My understanding of how the natural abstractions hypothesis relates to trained machine learning models and what the main challenge in actually applying it is:
How it applies:
A high-dimensional dataset from the real world such as MNIST contains “natural abstractions”, i.e. patterns that show up in a lot of places. If you train a machine learning model on the dataset, it will pick up all the sufficiently redundant information in the dataset (and often also a lot of non-redundant information), making it function as a sort of “summary statistic” of the data. Different systems trained on the same data would tend to pick up the same information, because they all have the same dataset and the information is part of the dataset, due to the redundancy.
How it is a challenge:
Think about, what format is it that the machine learning model gets the abstraction in? That is, if you want to get the information back out again, what way can you do it? Well, one guaranteed way is, for an image classifier, you can take the original images and feed them to the network, and it will output the classes according to the patterns it learned. Similarly, for a generative model, you can have it generate a dataset that resembles the one it was trained on.
These operations would obviously extract all of the information that the models have learned, but the operations are not very useful, as the extracted information is not in a format that is nice to get an overview of. So ideally we’d have a way to extract better structured information.
But it’s not obvious from the natural abstraction hypothesis that such a method exists. The natural abstraction hypothesis guarantees that the information is embedded in the models somehow, but it doesn’t seem like it guarantees that it’s embedded in some nice format, or that there is a nice way to extract it, beyond the way that it was put in.
I’m not sure whether you agree with this. My lesson if the above is true is that we need to think of ways to structure the models so as to put the information in a nicer format. But maybe I’m missing something. Maybe I need to re-digest the gKPD argument or something.
This basically correct, other than the part about not having any guarantee that the information is in a nice format. The Maxent and Abstractions arguments do point toward a relatively nice format, though it’s not yet clear what the right way is to bind the variables of those arguments to stuff in a neural net. (Though I expect the data structures actually used will have additional structure to them on top of the maxent form.)

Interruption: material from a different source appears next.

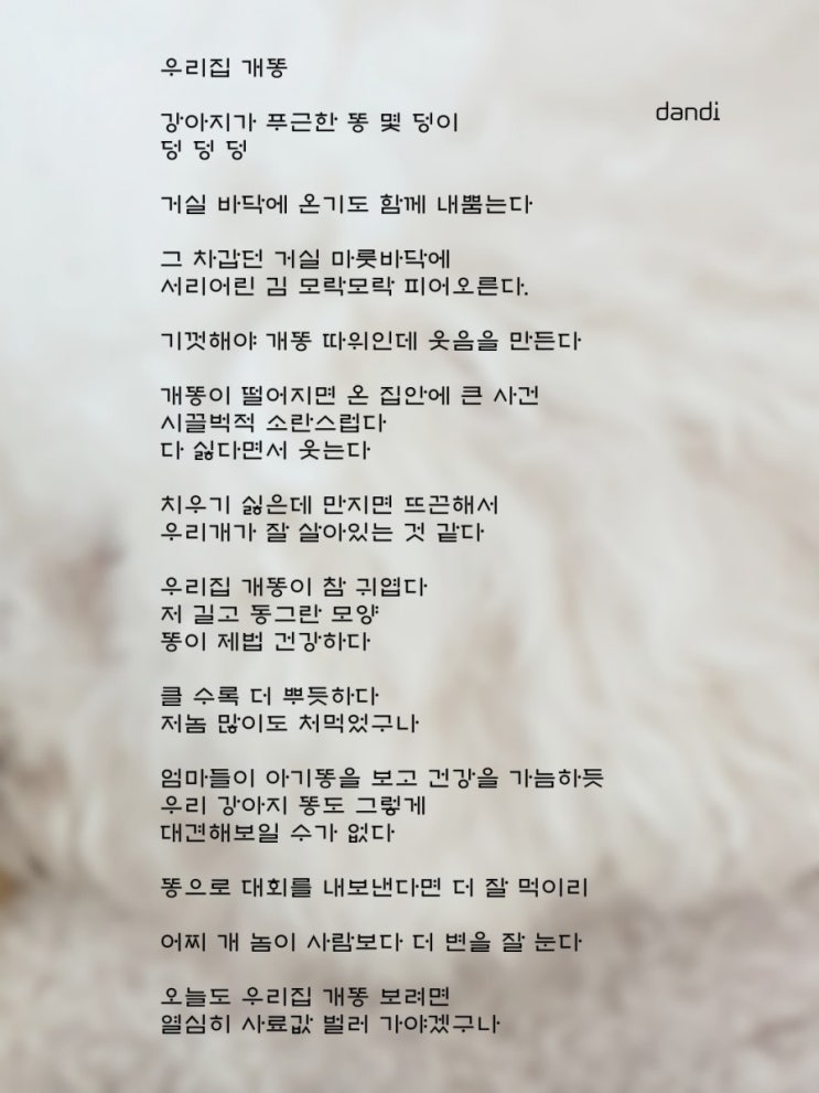 나만의 개똥철학 우리집 개똥이 우리집의 행복이다. 행복은 멀리 있지 않다. 우리집 개똥에 있다. Written...

My understanding of how the natural abstractions hypothesis relates to trained machine learning models and what the main challenge in actually applying it is:
How it applies:
A high-dimensional dataset from the real world such as MNIST contains “natural abstractions”, i.e. patterns that show up in a lot of places. If you train a machine learning model on the dataset, it will pick up all the sufficiently redundant information in the dataset (and often also a lot of non-redundant information), making it function as a sort of “summary statistic” of the data. Different systems trained on the same data would tend to pick up the same information, because they all have the same dataset and the information is part of the dataset, due to the redundancy.
How it is a challenge:
Think about, what format is it that the machine learning model gets the abstraction in? That is, if you want to get the information back out again, what way can you do it? Well, one guaranteed way is, for an image classifier, you can take the original images and feed them to the network, and it will output the classes according to the patterns it learned. Similarly, for a generative model, you can have it generate a dataset that resembles the one it was trained on.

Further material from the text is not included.